### Task to carry out
Leave out the pictures and retype, exactly, the lines below from the line with "Haal de spillebeen" up to and including the line with "Высший полет дизайнерской", nothing more.

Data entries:
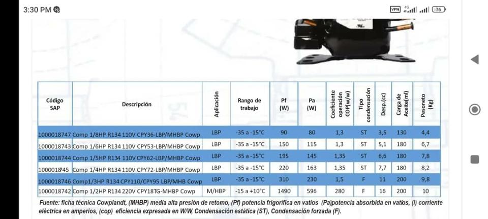 MÁQUINA DE FRÍO COWPLANDT 1/3HP 110V 60Hz R-134a NUEVA. - $130
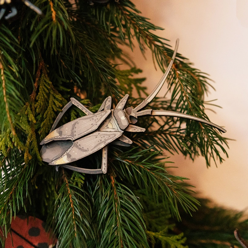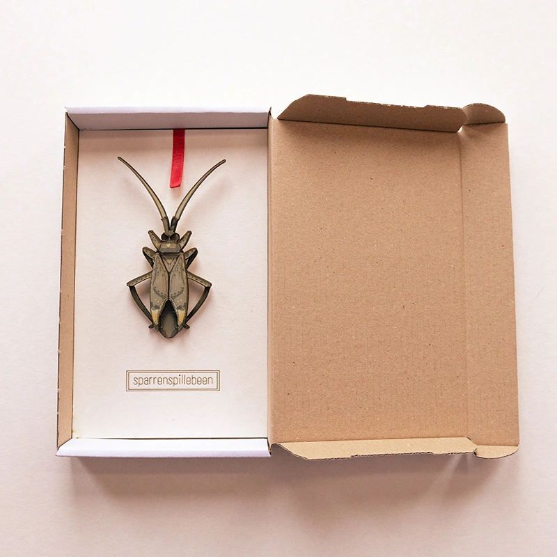 Haal de spillebeen in huis voor jouw boom! Dit is een handgemaakt, houten ornament met een clipje op de achterkant waarmee je hem aan een dennentak kan bevestigen.
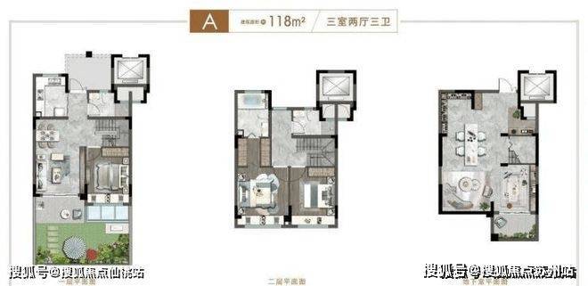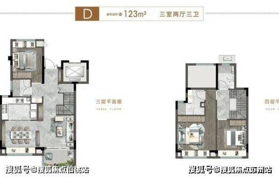 约123平上叠3房户型,共上下两层,全明设计,格局开阔,宽景阳台,上承天空,下承生活。
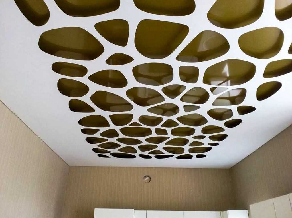 Высший полет дизайнерской мысли — резные потолки, для изготовления которых используется комбинация из нескольких уровней, нижний из которых имеет декоративные вырезы. Получается эффектное объемное изображение, которое притягивает взгляд.
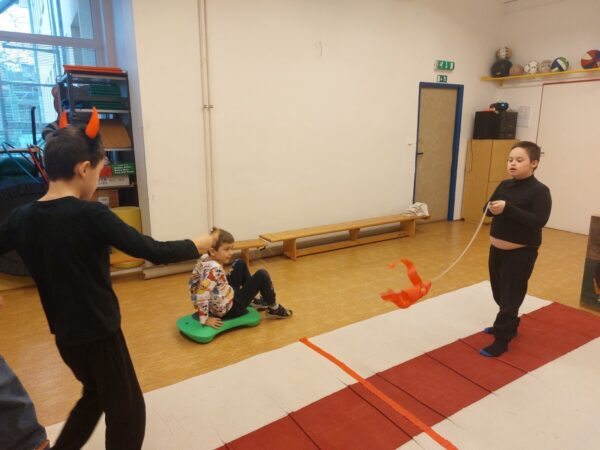 Družiny 3 a 6 na Fr. Skaunicové uspořádaly společnou tematickou akci s názvem „Rohaté úkoly“. Děti se proměnily v malé čertíky a během odpoledne plnily různé hravé, ale i trochu „pekelně“ záludné úkoly. Čertíci si vyzkoušeli slalom s pytlem plným hříšníků, při kterém museli prokázat sílu, obratnost i správný čertovský odhodlaný krok. Následovalo válení sudů po žhavých uhlících, které dětem připomínaly žíněnky a které rozesmály všechny účastníky. Na závěr si děti zasoutěžily v házení polínek do kotle, kde bylo potřeba přesné míření i trocha štěstí. Děti si úkoly užily a společně strávený čas jim přinesl dostatek pohybu i dobré nálady.

### Reply
 Haal de spillebeen in huis voor jouw boom! Dit is een handgemaakt, houten ornament met een clipje op de achterkant waarmee je hem aan een dennentak kan bevestigen.
 约123平上叠3房户型,共上下两层,全明设计,格局开阔,宽景阳台,上承天空,下承生活。
 Высший полет дизайнерской мысли — резные потолки, для изготовления которых используется комбинация из нескольких уровней, нижний из которых имеет декоративные вырезы. Получается эффектное объемное изображение, которое притягивает взгляд.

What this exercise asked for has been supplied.